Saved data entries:
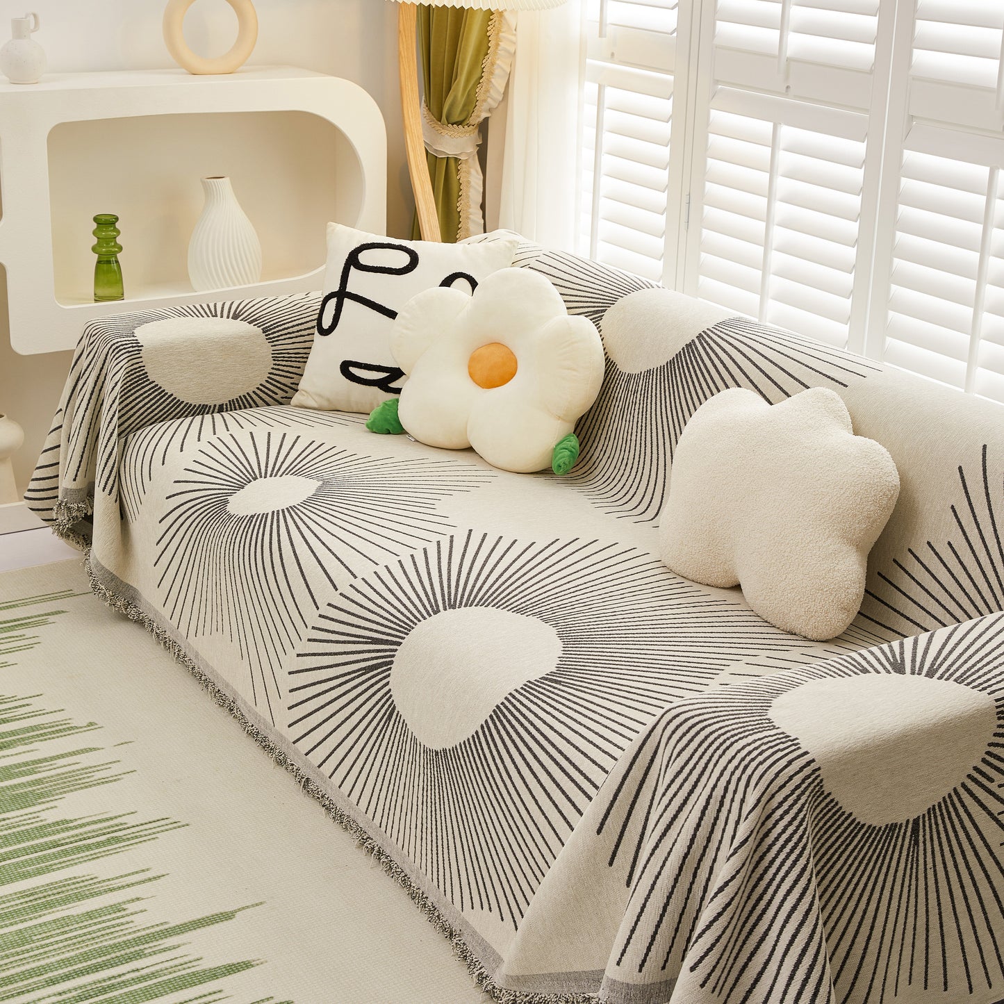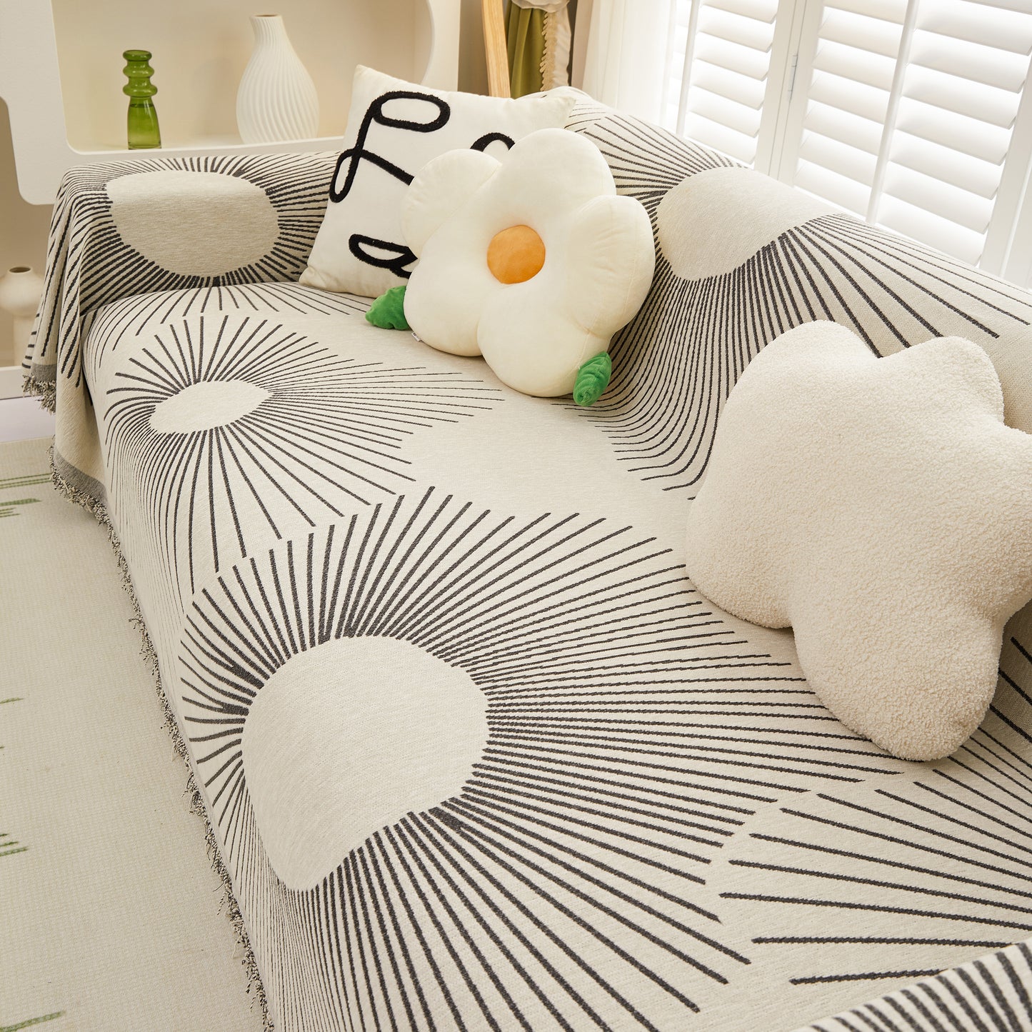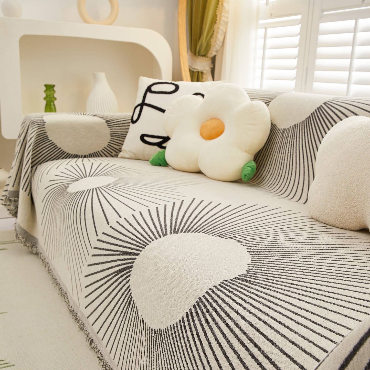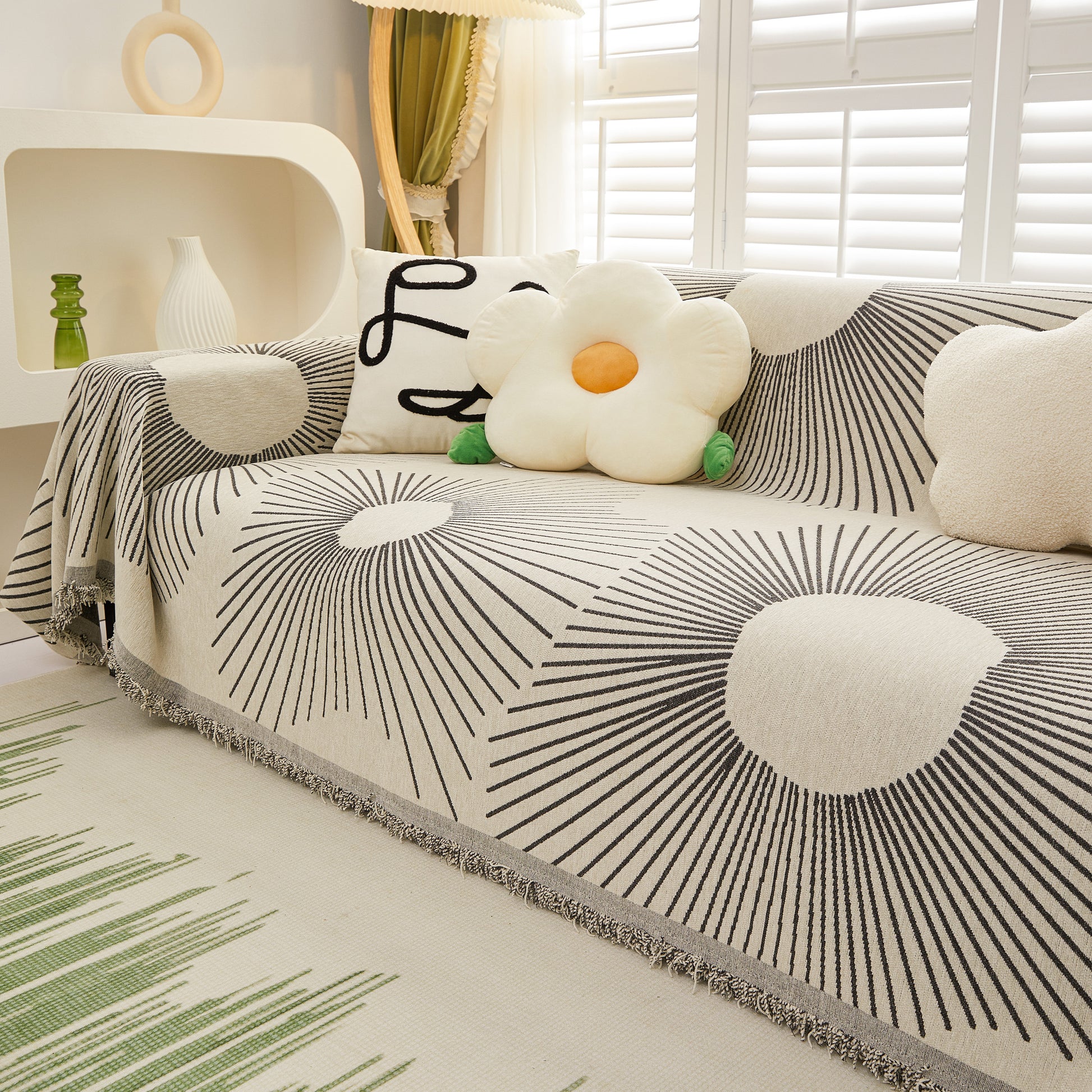 Protect your sofa in style with our Geometric Radial Striped L-Shape Sofa Cover. Made from thick, soft chenille fabric, it's not only durable but also reversible for versatile use. Keep your furniture safe from kids and pets while adding a modern touch to your home.
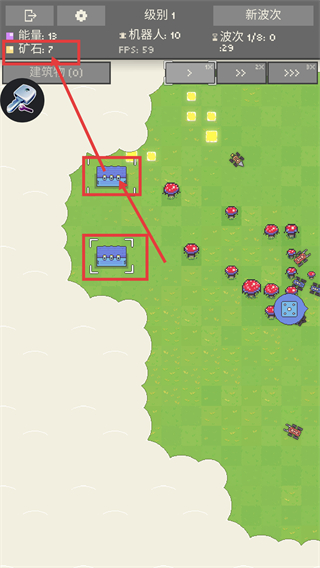 4、收集【矿石-7】,解锁并打开宝箱获取资源,提升机器人数量至10,增强基地战力以应对波次挑战。
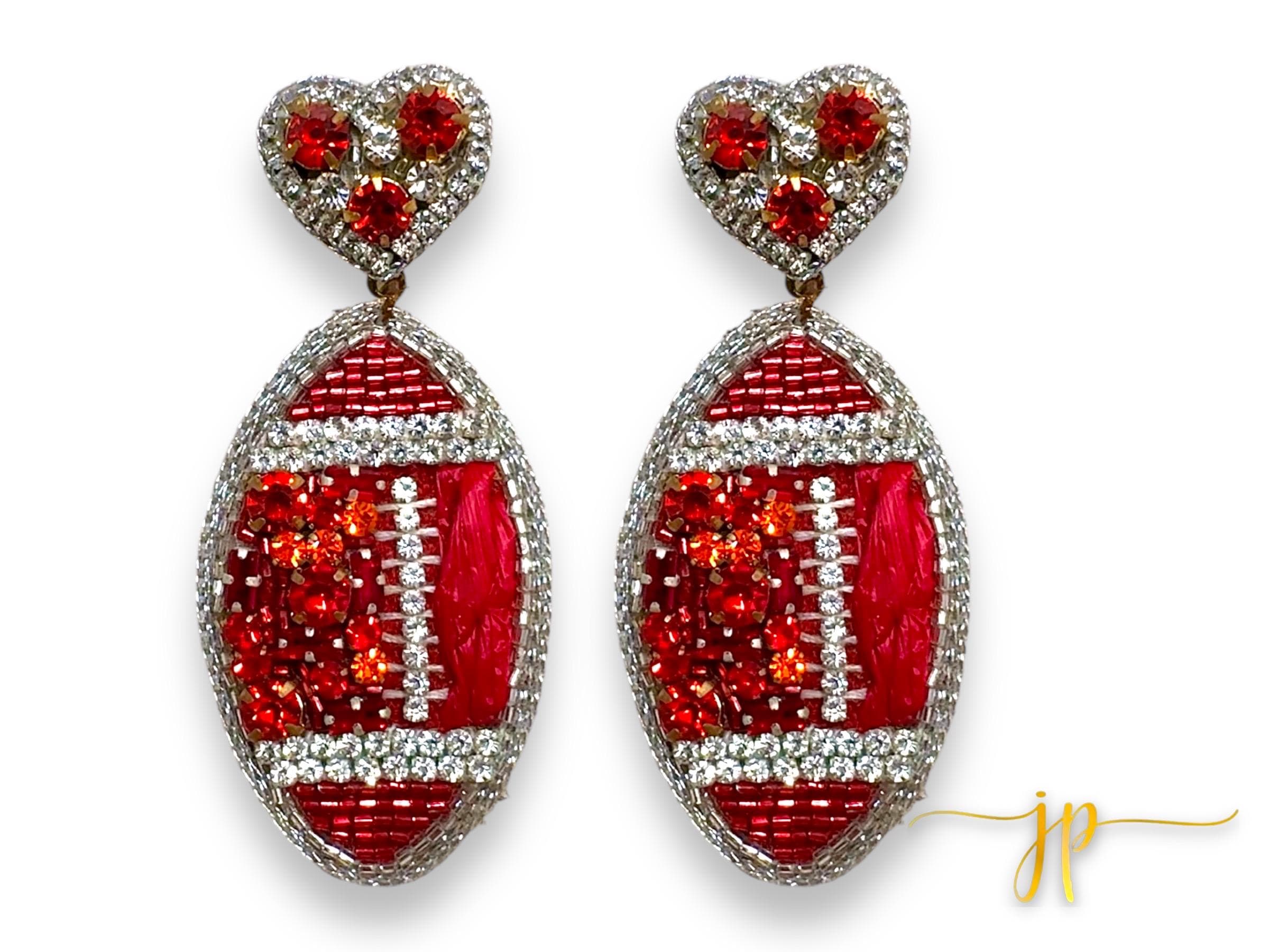 Get ready to sparkle on game day with these stunning Red Rhinestone Hearts Raffia Football Earrings! Perfect for showing off your team spirit with a touch of glamour, these earrings feature:
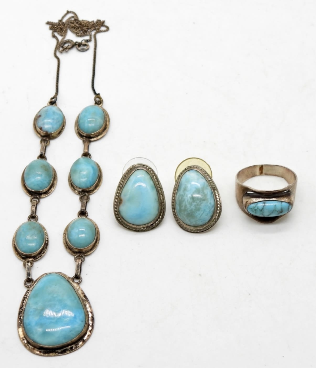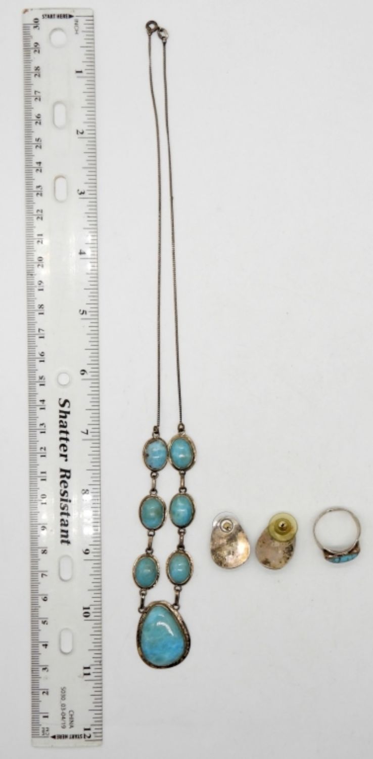 18″ NECKLACE, PIERCED EARRING, RING size 7 (19 dwt)
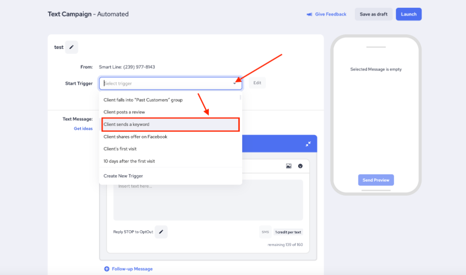 Simply set up the new keyword trigger, designate your preferred keyword, and watch as your clients receive customized text messages each time they text that keyword to your Smart Line.

Task item :: Please, without any pictures, retype the records exactly as they appear.

Answer box ::
 Protect your sofa in style with our Geometric Radial Striped L-Shape Sofa Cover. Made from thick, soft chenille fabric, it's not only durable but also reversible for versatile use. Keep your furniture safe from kids and pets while adding a modern touch to your home.
 4、收集【矿石-7】,解锁并打开宝箱获取资源,提升机器人数量至10,增强基地战力以应对波次挑战。
 Get ready to sparkle on game day with these stunning Red Rhinestone Hearts Raffia Football Earrings! Perfect for showing off your team spirit with a touch of glamour, these earrings feature:
 18″ NECKLACE, PIERCED EARRING, RING size 7 (19 dwt)
 Simply set up the new keyword trigger, designate your preferred keyword, and watch as your clients receive customized text messages each time they text that keyword to your Smart Line.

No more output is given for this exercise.